▶ **TO DO**: Among the records below, find the line with "Cat Pouch Hoodie" and the line with "After the [Use". Set down both and every line between, exactly and with no pictures, but nothing else.

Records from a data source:
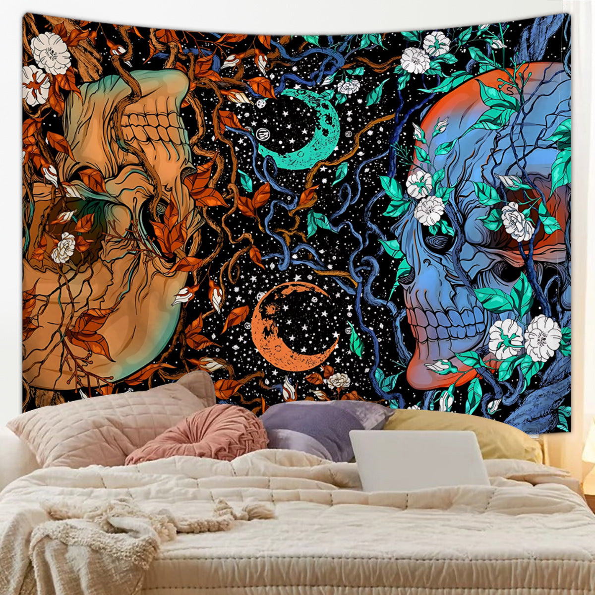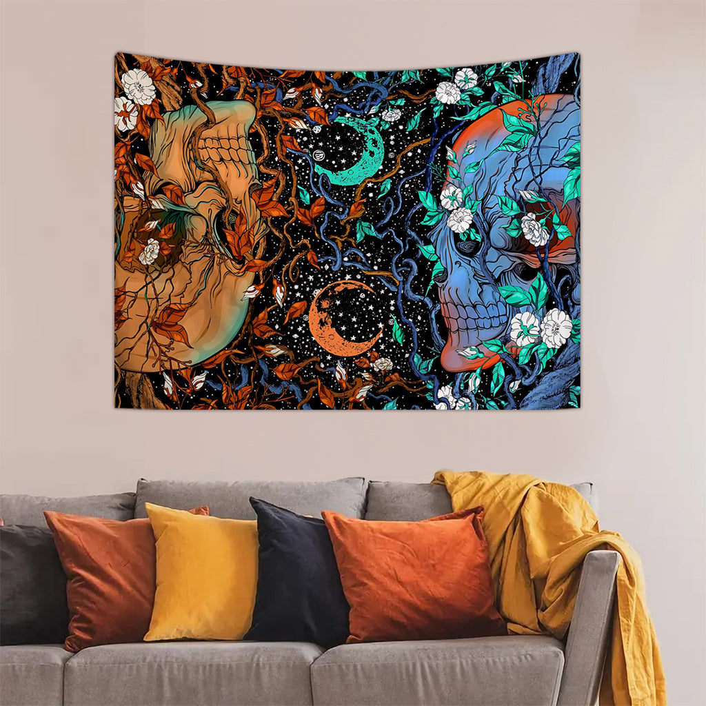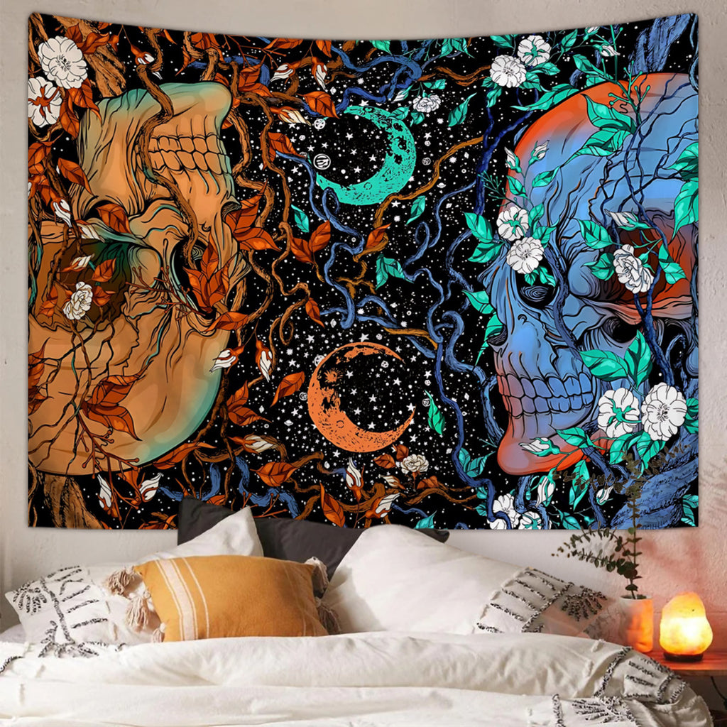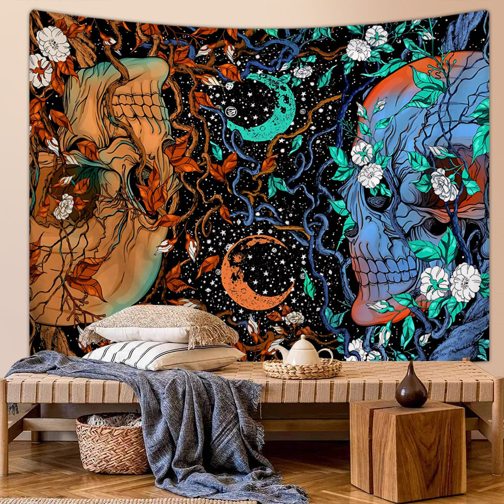 Ethereal Realm Tapestry: Where Skulls Meet Blooms in Cosmic Harmony
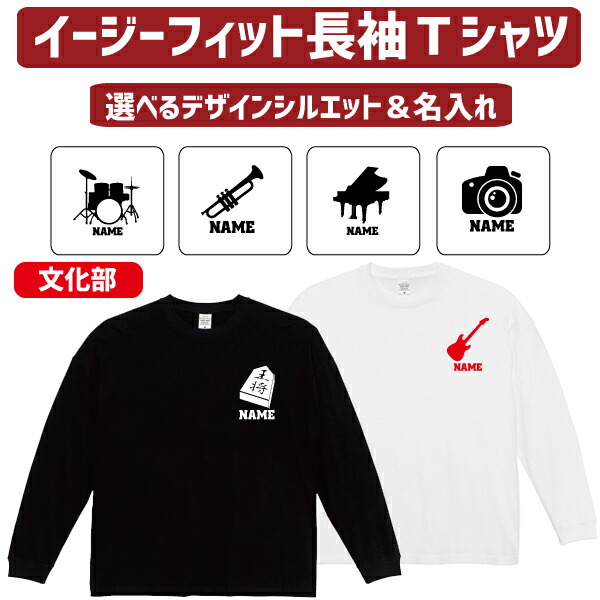 長袖 ロンT 名入れイージーフィットロングスリーブTシャツ「文化部」Tシャツ 管楽器 軽音楽部 ドラム ギター ベース サックス トランペット フルート チューバ ホルン 読書 書道 茶道 園芸 映画 天文学 パソコン 新聞 歴史 美術 科学 写真部 カメラ
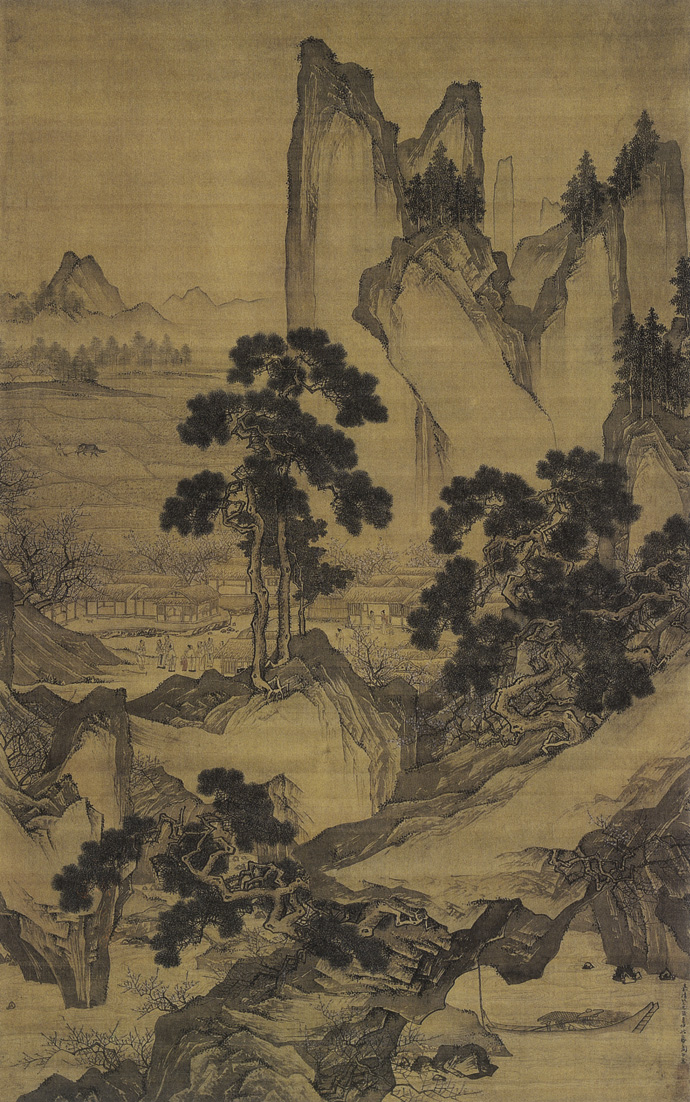 周臣 (1426—1509)明代 今江苏(吴县)人。初学画于陈暹,画山水取法于李唐、马远、夏圭,用笔纯熟,笔力疏秀,峦深岚厚,有苍郁之色,颇得六法深意。他兼工人物,古貌奇姿,纤浓雅丽,绵密萧散、各尽意态。唐寅、仇英均出自其门。后唐寅以画名世,困于应酬,每请东村代笔,故唐寅流传之作,每多周笔, 非具眼力莫辨。
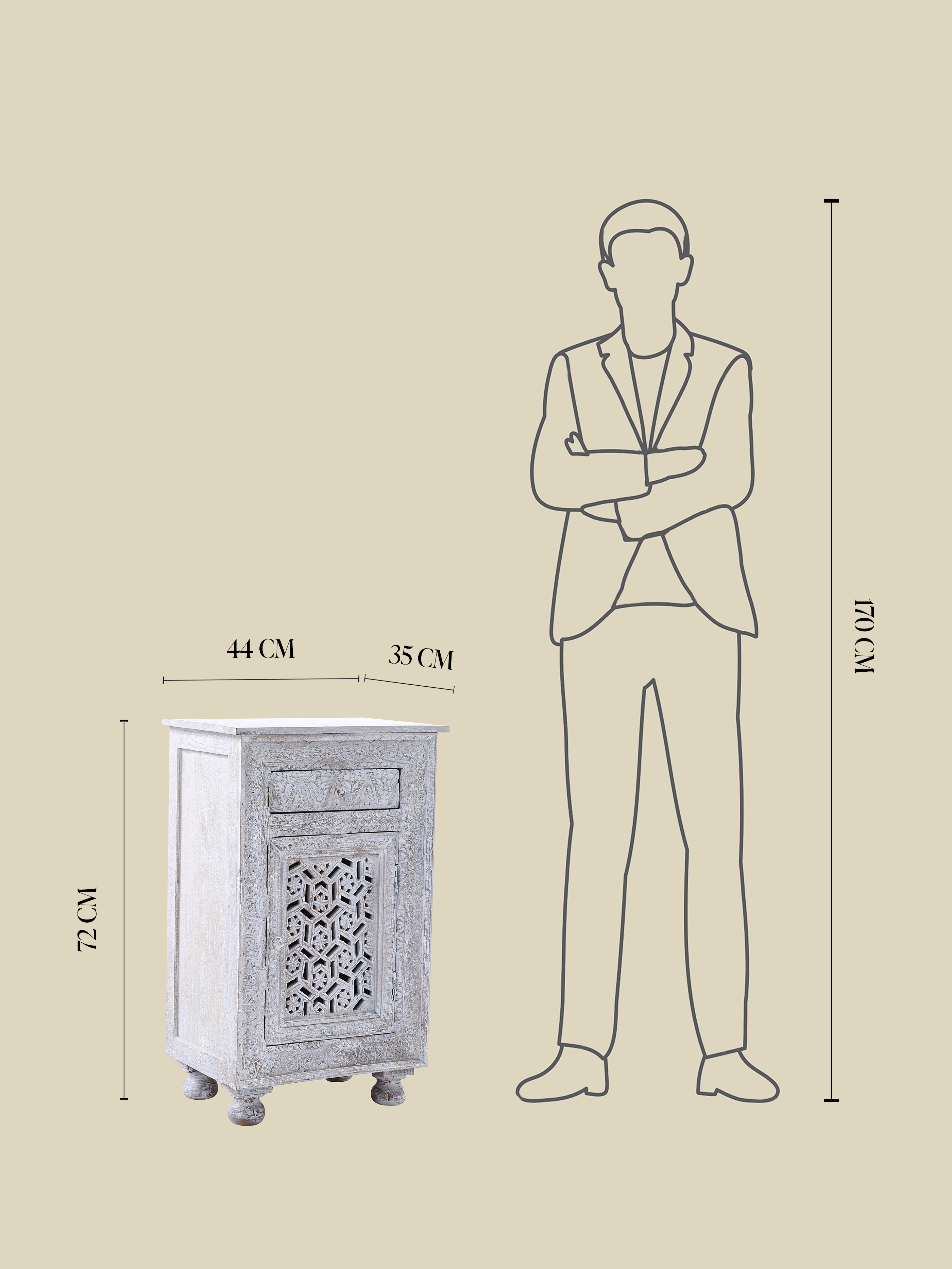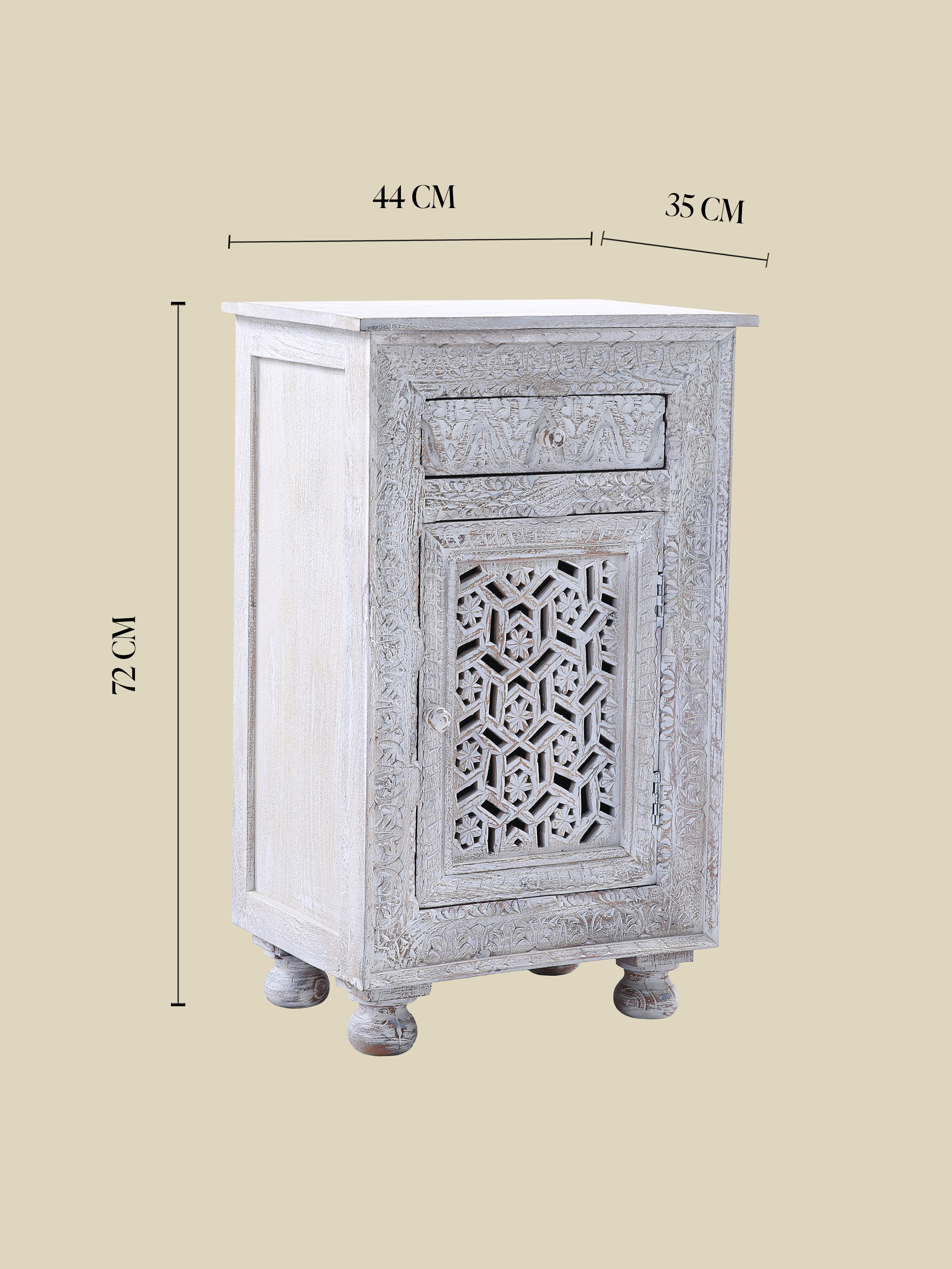 The Grace Side Table is where craftsmanship and character meet. Crafted from premium mango wood with a soft, distressed grey finish, Grace’s floral-carved front commands attention without overpowering your space. The intricate design adds texture and movement, while the spacious drawer provides practical storage for everyday essentials.
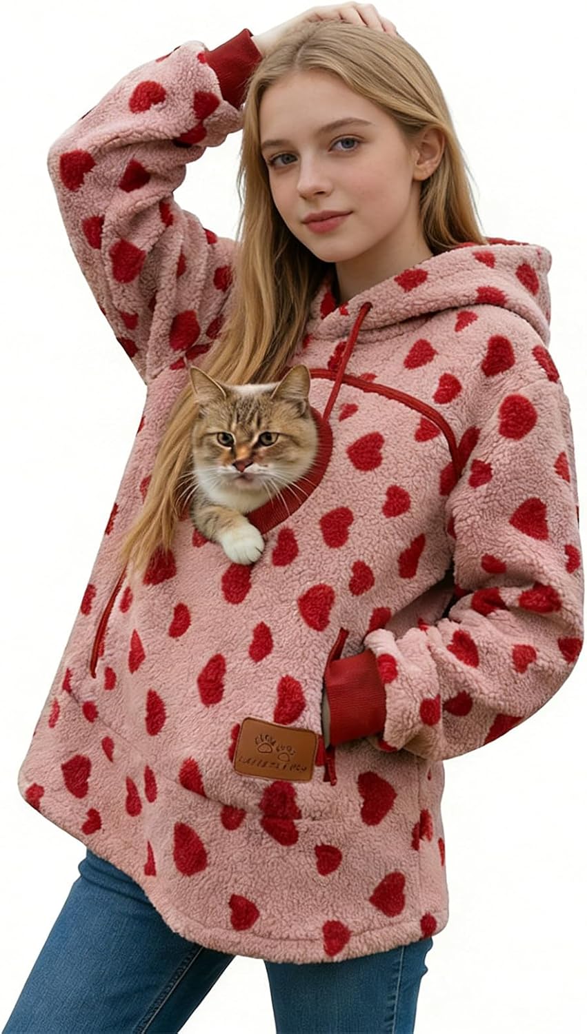 Cat Pouch Hoodie Pet Carrier Hoodie Zipper Kangaroo Pocket Sweatshirt With Pet Pouch Fleece Warm Pet Sweatshirt Outdoor
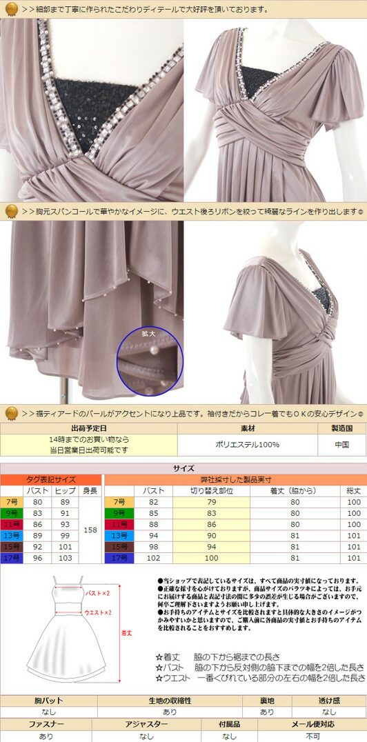 友人の結婚式に出席する為に購入しました。 胸元のビジューがキラキラ光るので、撮影した写真を見ても、地味になりすぎず良かったです。 スカートは膝丈で上品な印象です。
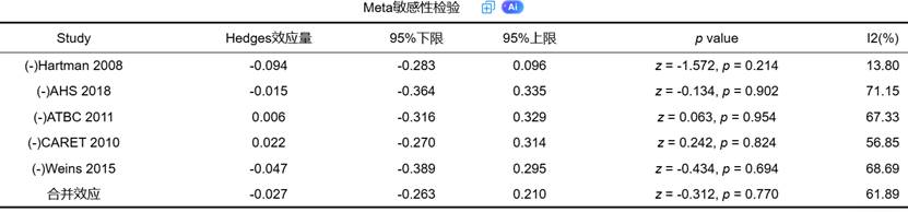 如果剔除任一研究后,合并效应量未发生显著变化,说明结果稳健;反之,则提示结果可能受个别研究过度影响。
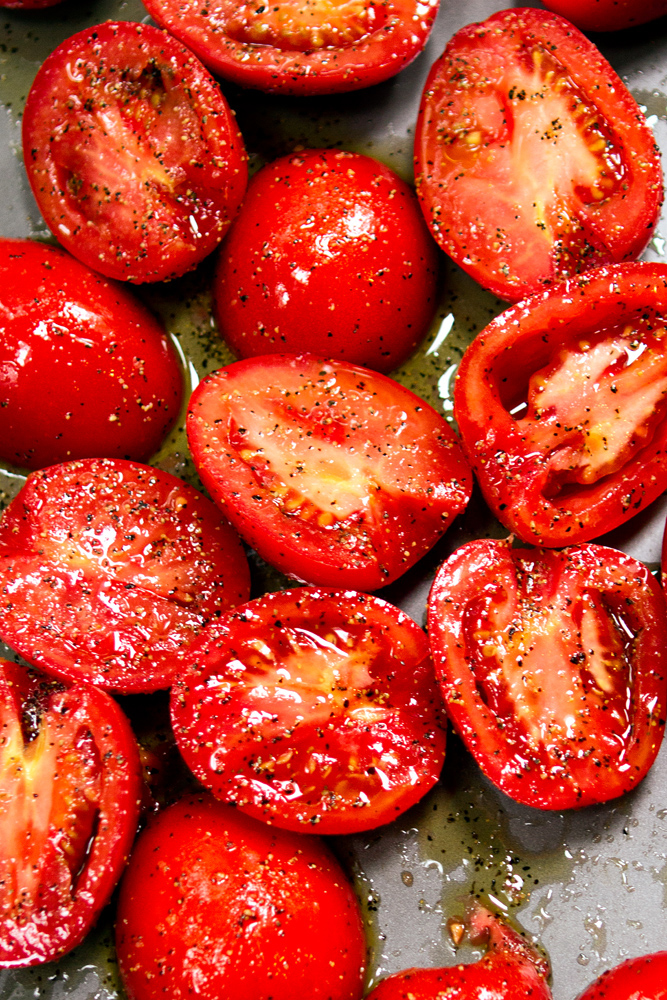 First he cut the Roma Plum Tomatoes in half and tossed them with oil, salt and pepper.
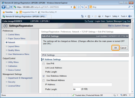 After the [Use Stateless Address] check box is selected and the printer is restarted, the stateless address is displayed automatically. This stateless address is discarded when the printer is turned OFF.
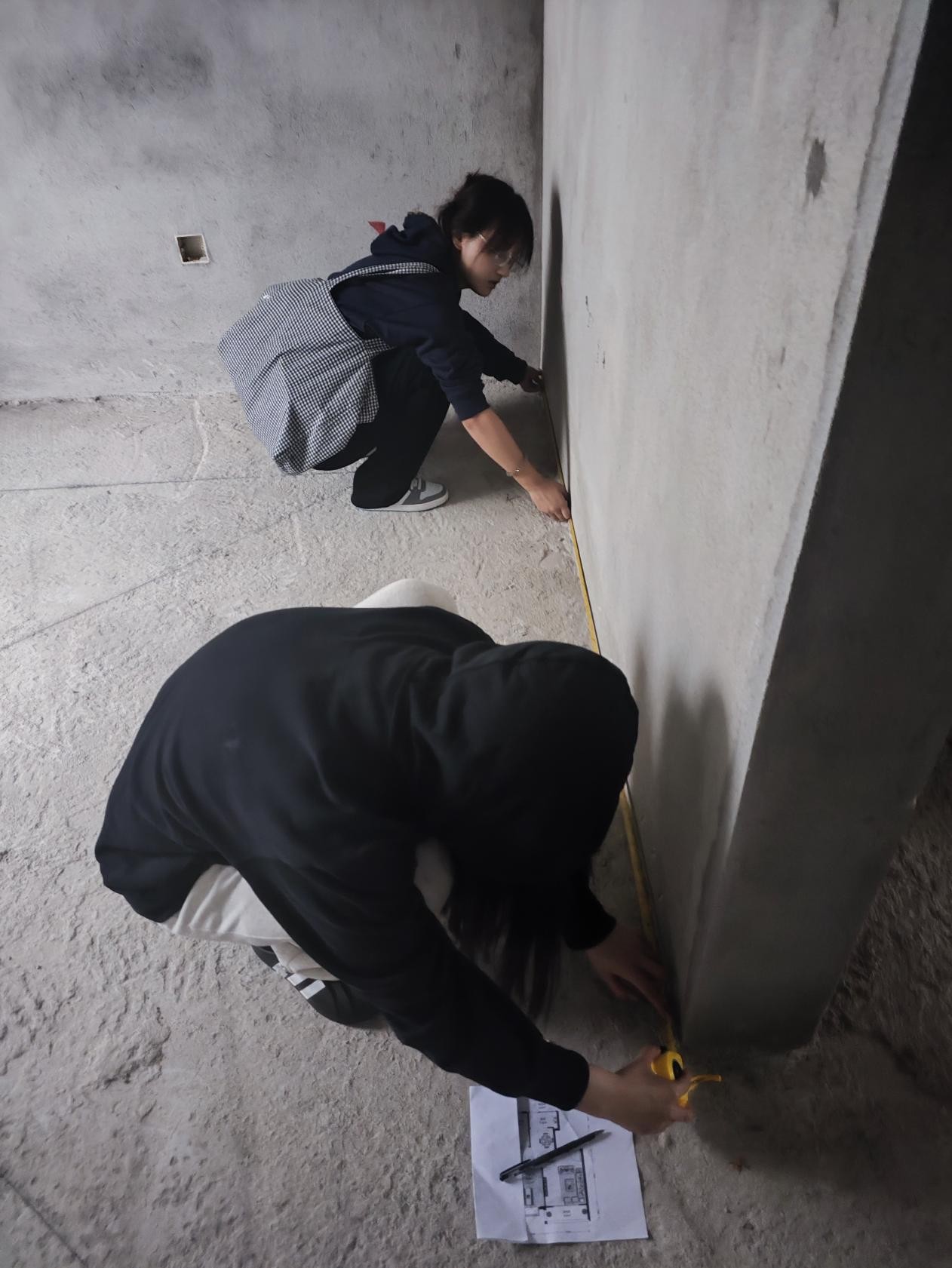 学生们听讲解的时候十分认真,有些同学还记录了笔记,在讲解之后小组组员合作一起将指定的套房按规定量好,并观察记录了门、窗、电箱、卫生间管道、厨房烟道、地漏等设施,量房过程中学生整体的积极性很高,也展示出了对于专业实践的兴趣,对于学生空洞的在教室中一直听理论课程而言,实践活动更能带动学生学习积极性,同学们通过合作办公的模式也增进了相互之间的交流,能迸发很多新的想法,也能发现很多新的问题,与老师进行交流的时候也开始理性询问一些更深层次的问题了。
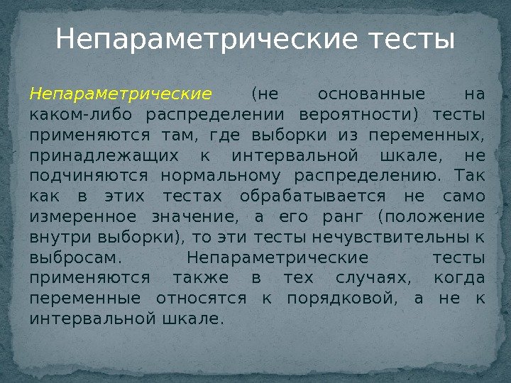Непараметрические (не основанные на каком-либо распределении вероятности) тесты применяются там, где выборки из переменных, принадлежащих к интервальной шкале, не подчиняются нормальному распределению. Так как в этих тестах обрабатывается не само измеренное значение, а его ранг (положение внутри выборки), то эти тесты нечувствительны к выбросам. Непараметрические тесты применяются также в тех случаях, когда переменные относятся к порядковой, а не к интервальной шкале. Непараметрические тесты

▶ **RESPONSE TO THE TASK**:
 Cat Pouch Hoodie Pet Carrier Hoodie Zipper Kangaroo Pocket Sweatshirt With Pet Pouch Fleece Warm Pet Sweatshirt Outdoor
 友人の結婚式に出席する為に購入しました。 胸元のビジューがキラキラ光るので、撮影した写真を見ても、地味になりすぎず良かったです。 スカートは膝丈で上品な印象です。
 如果剔除任一研究后,合并效应量未发生显著变化,说明结果稳健;反之,则提示结果可能受个别研究过度影响。
 First he cut the Roma Plum Tomatoes in half and tossed them with oil, salt and pepper.
 After the [Use Stateless Address] check box is selected and the printer is restarted, the stateless address is displayed automatically. This stateless address is discarded when the printer is turned OFF.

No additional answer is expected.